ところで畑俊六は砲兵であった。工兵と並び技術に親しむ兵科である。砲工学校ののち帝大員外学生として技術を修める道を採らず陸大での参謀教育を選んだ彼は、技術には詳しくないと謙遜しているが、砲兵監をつとめ更には航空本部長の席にもついている。そうした畑から見ると、陸海軍や陸軍部内の対立とともに敗戦の一大原因をなしたのは、軍事技術の遅れであり、技術改良への関心の低さであった。「我国は飛行機にて米国に敗れたるなり。飛行機と電波兵器にて我国は無条件降伏の憂目に遭ひたるなり、窮極する処技術にて破れたるなり」とまで断言している。日清戦争後の軍備拡張時に量の拡大に追われて質の改良を進めず精神面で補おうとしたが、それで日露戦争に勝利したため方針を変えずに量の拡大に走り、その結果としての兵器の劣等が今次の惨敗を招いたとする。その背景には陸軍当局の技術に関する認識が至らず、技術制度の抜本的改正を怠ったことや幼年学校から陸大まで技術教育を軽視したことなどがあった。加えて貧乏国の常として予算に束縛されて列強より遅れた装備で戦わざるをえなかったのは、政治の責任でもあるとの指摘も忘れない。

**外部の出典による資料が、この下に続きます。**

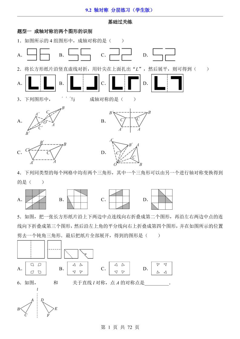 9.2 轴对称(分层练习)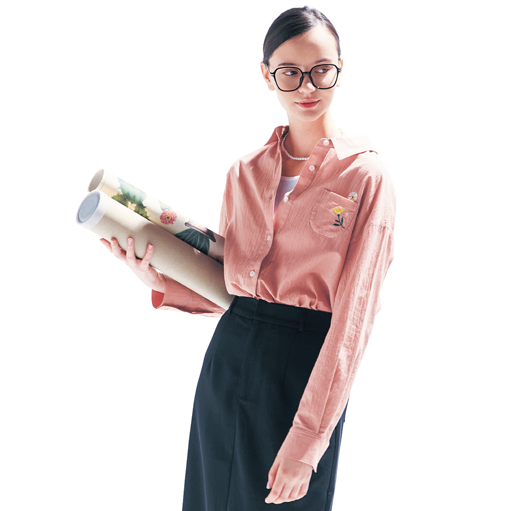 ーデザイン・スタイリングー・春らしいピンクカラーのシャツ・後ろにも襟とボタン付きで、抜き襟のこなれた着こなしが簡単にできる・後ろ襟のボタンで抜き加減を調節OK・左胸ポケットにお花の刺繍・羽織りとしても活躍ー素材ー・身生地は綿100%素材でやさしい着心地ミニラボパリのデザイナーが生み出す大人かわいい世界「mini labo(ミニラボ)」は、パリで活躍する2人のクリエイター、キャロリーヌとセリーヌによるクリエイションブランド。パリの気分が詰まった、華やかで夢のあるミニラボワールドをつくりあげています。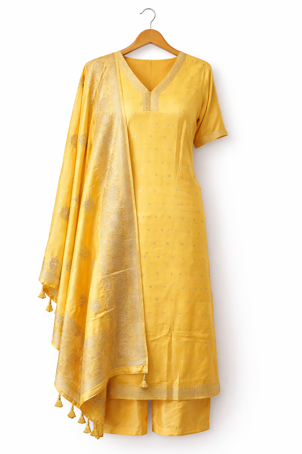 + ShippingElegant yellow silk suit set adorned with delicate zari motifs all over. The kurta features a simple V-neckline accentuated with subtle gota detailing, paired with a matching dupatta beautifully bordered with intricate zari embroidery and tassel edges. A perfect blend of grace and festive charm.
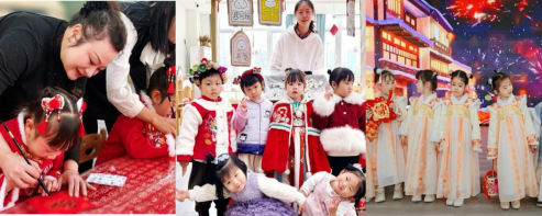 元旦节庆乐融融,非遗古韵永流芳。此次庆祝活动以传统文化为主题,每个班级一个主题内容,大家做簪花缝云肩、写福字绘蜡染,制作传统美食、创作非遗作品,同玩趣味游戏。学院领导、老师同幼儿一起游戏,气氛热烈而温馨。师生都在亲身体验中感受到了传统节日的丰富文化内涵,笑声交织,欢乐飞扬。由学院江露露博士编排、2021级实习生参与的歌伴舞表演《呦呦鹿鸣》,以艺术化的形式展现了《诗经》中宴乐宾客的欢乐场景。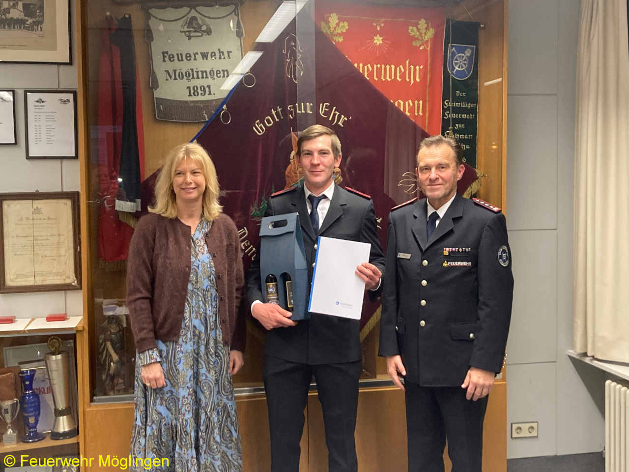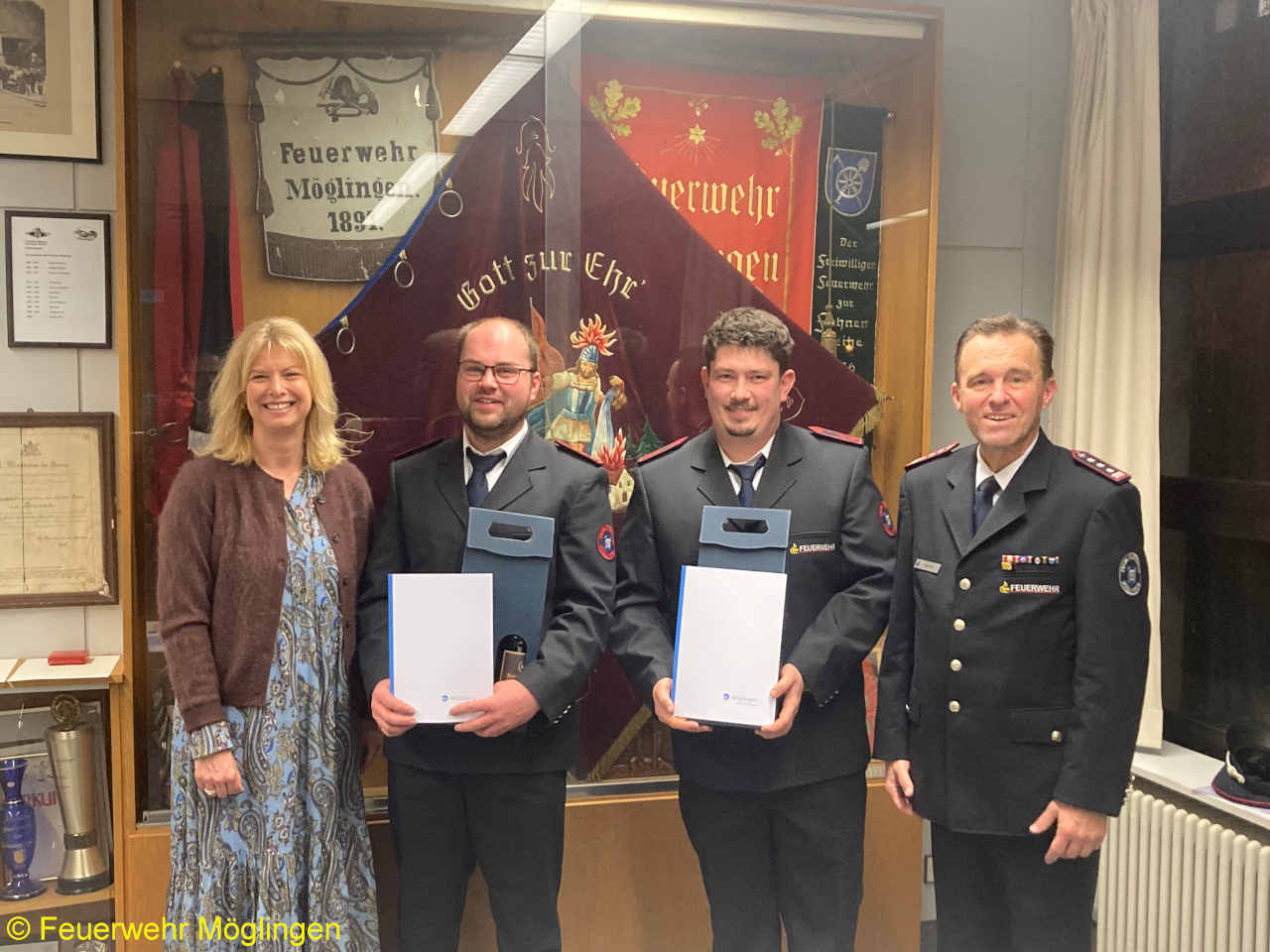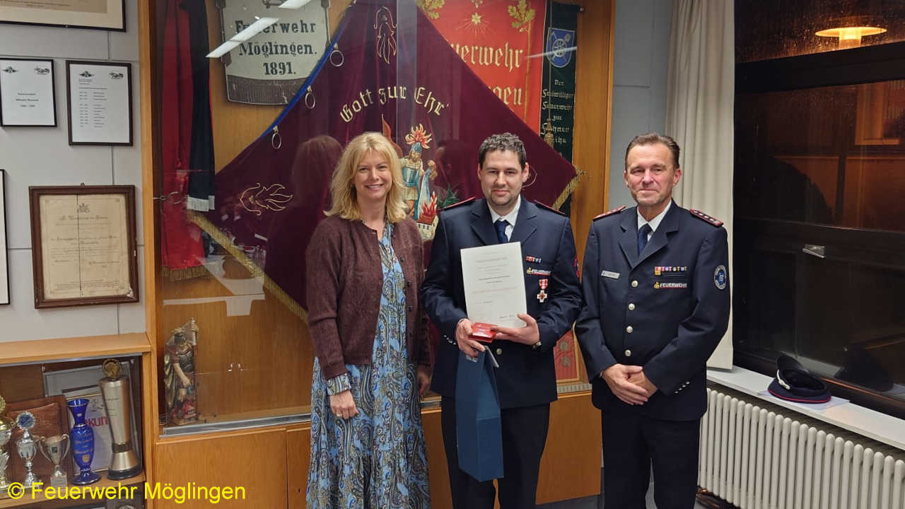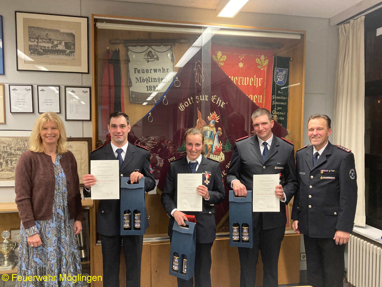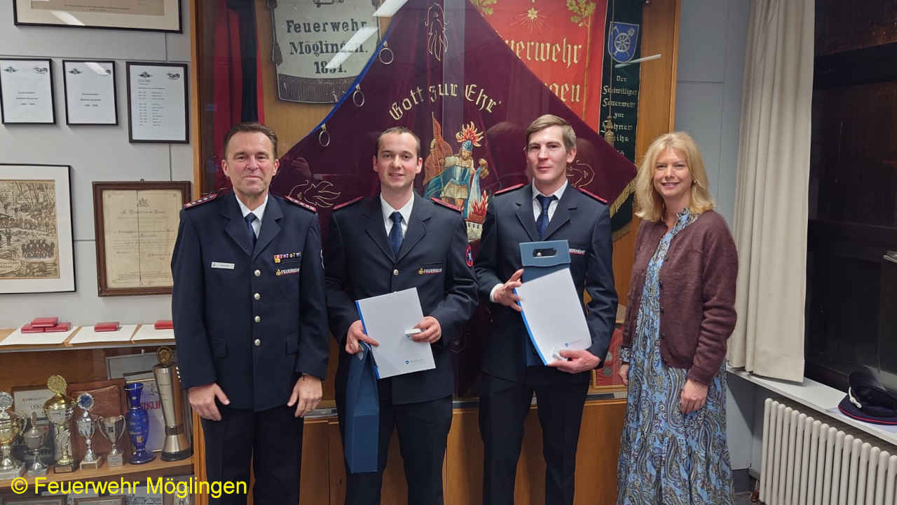 Zehn Feuerwehrmitglieder wurden in diesem Rahmen befördert, vier Ehrenabzeichen der Gemeinde Möglingen und fünf Ehrenzeichen des Landes Baden-Württembergs wurden verliehen.

教育に関連していえば、陸軍大学校が戦術戦略を偏重した教育を続けたことも敗因の一つとされている。火器や航空機の進歩発達した状況では、統帥も学理的、系統的であるべきであり、総合戦力を発揮するため精密周到な計算に基づく計画が必要となるが、陸大ではこれを軽視する傾向があったという。そこで養成された幕僚は計画的統帥に疎く、通信や補給がないがしろにされた。米軍の科学的な作戦計画とは雲泥の差であり、兵器と弾薬と航空機の学理的指揮に圧倒されたのが今次の大戦であったと畑は振り返っている。彼のいうように、陸大教育での兵站の軽視は補給計画の杜撰さ、すなわち船舶の運用、補充の計算の誤りを招いて補給の断絶を引き起こし、通信への無頓着は作戦連絡の敏活を欠く事態を生じさせて悲惨な敗戦の原因となったのである。
畑の筆がここまで進むと、我が国の国家、社会や文明のあり方といった議論がすぐそばに控えているように思える。欧米先進諸国に遅れて急速な近代化を進めた極東の島国がたどった隘路と片付けてしまうと、その道程に捧げられたものが見えてこないだろう。

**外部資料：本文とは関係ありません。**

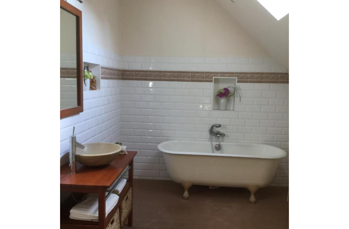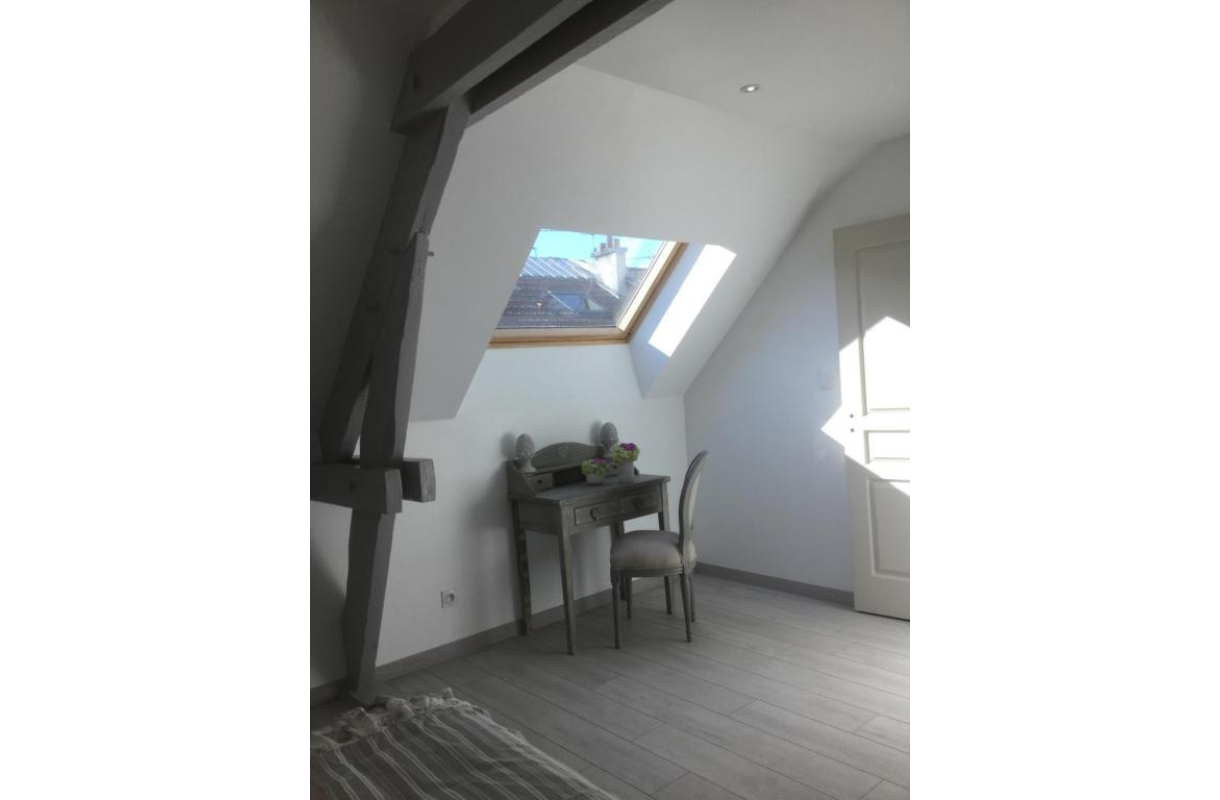 Située au deuxième étage et d’une superficie de vingt mètres carrés et disposant d’un lit de 160 X 200. Connexion wifi. Salle de bain avec baignoire ancienne et wc. Des produits d’accueil vous attendent. Nous mettons à votre disposition sèche cheveux et bouilloire.
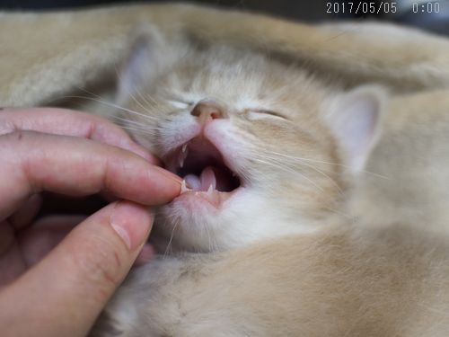 JUGEMテーマ:ソマリの子猫 眠っている桜花ちゃんにご協力いただき 皆さんに「こんなに歯が生えたよ!」を 是非、見ていただこうかと企画。 「あ〜ん」 前歯も生えつつあります。 白くて透明度の高い美しい歯です。 茶渋も加齢による摩耗もなく…、 若いって素晴らしいね! いつも体重を量っていた箱が小さくなってきたので 今朝から...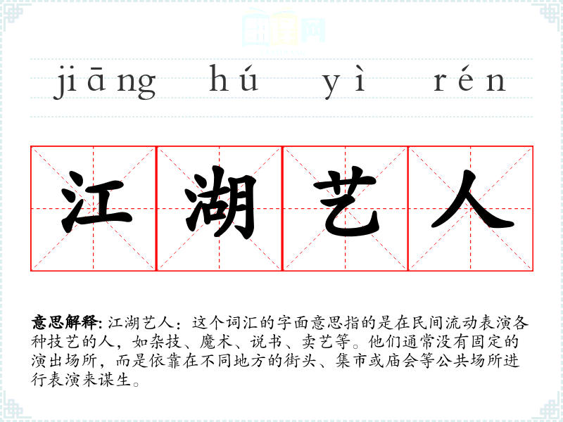 江湖艺人:这个词汇的字面意思指的是在民间流动表演各种技艺的人,如杂技、魔术、说书、卖艺等。他们通常没有固定的演出场所,而是依靠在不同地方的街头、集市或庙会等公共场所进行表演来谋生。

畑は自身の生涯を振り返る中、敗戦の主たる原因を以上のように総括した上で、次のような文章を最後に筆を擱いている。そこには彼が敗北を糧にして次の世代に伝えようとした教訓が示されているといえよう。「要するに本戦争に於ては組織的技術的統率に於て敵側に破れたるものにして此原因は上は大本営より下は下級部隊に至るまで計画者指揮官が物的質と量に綿密周到なる計画等に疎く所謂観念的に客観的に物事を計画指導したる結果、万事科学的事務的なる米側に数歩を輸したるものにして、畢竟我国上下一貫する科学的事務的教育の不備を暴露したるものと云ふべし」、「我国将来の教育は学校と言はず社会と言はず一層事務能率的に教育を刷新するの要あり。之が為には科学的に組織的に物事を観察処理するの習慣を養成教育するの必要最大なりといふべし」。

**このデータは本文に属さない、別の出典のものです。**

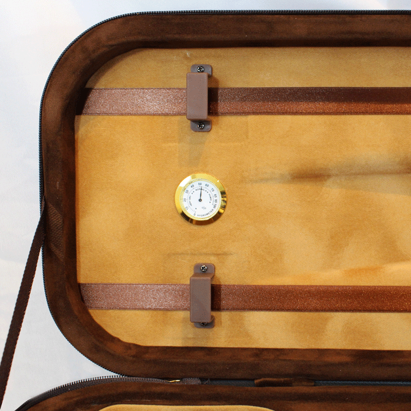 Estojo térmico retangular para Violino 4/4 Externo confeccionado em Oxford de alta qualidade. Acabamento interno veludo. Espaço para 2 arcos. Espaço para espaleira. Possui Higrômetro. Fechadura em metal com chave. Fundo extra almofadado para manter o instrumento suspenso. Compartimento interno para acessórios. Bolso externo para transportar partituras. Alças de mão e alças tipo…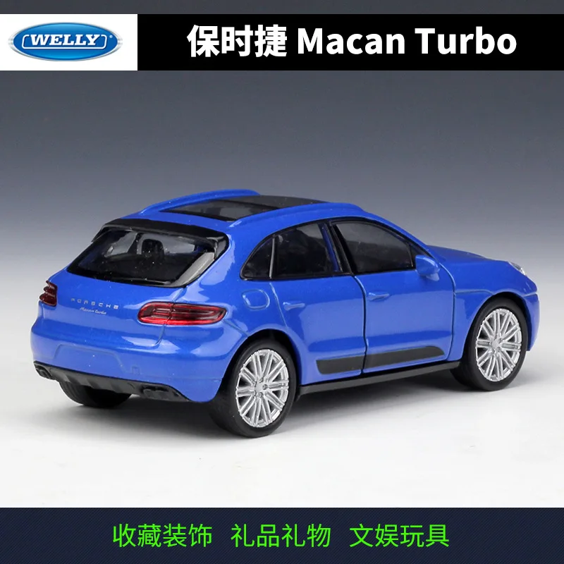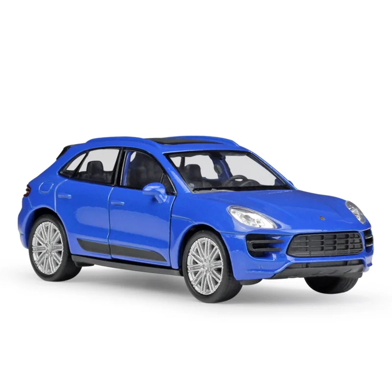 Experience the thrill of Porsche with this detailed 1:36 scale diecast replica of the Macan Turbo, finished in a vibrant metallic blue. Crafted from high-quality metal, this collectible features a sleek aerodynamic design, intricately detailed headlights, grille, and sculpted hood lines that capture the essence of the real vehicle. The black window trim, sculpted side mirrors, and multi-spoke silver alloy wheels with detailed black tires enhance its realistic appearance. With precise panel lines, lens-like taillights, and a subtle rear spoiler, this model offers an authentic and visually striking showcase piece, perfect for adult collectors seeking a sophisticated addition to their collection.

敗戦間もない時期の悔悟が組織と技術、能率と計画に関する言葉で結ばれているのも、彼らしいところである。畑俊六は生粋の軍人であった。
ここに挙げられたいくつもの敗因は、その後、多くの論者によって指摘されたことでもある。しかし、陸軍最高位の人物が敗戦直後の回顧の中で率直に述べているというところに本書の特徴があるといえよう。畑が指摘したことは、例えば海軍側から見るとどうなるのか、政治家はいかに反駁するか、諸外国の事例はどうだったのか、といったことと比較していく必要があろう。しかし、何よりも興味深いのは畑の回顧から60余年後の現在、ここに指摘された論点がどのように克服されたか、あるいは克服されなかったかということである。それらの比較と分析と検討は評者を含めた政治史家の今後の課題であろう。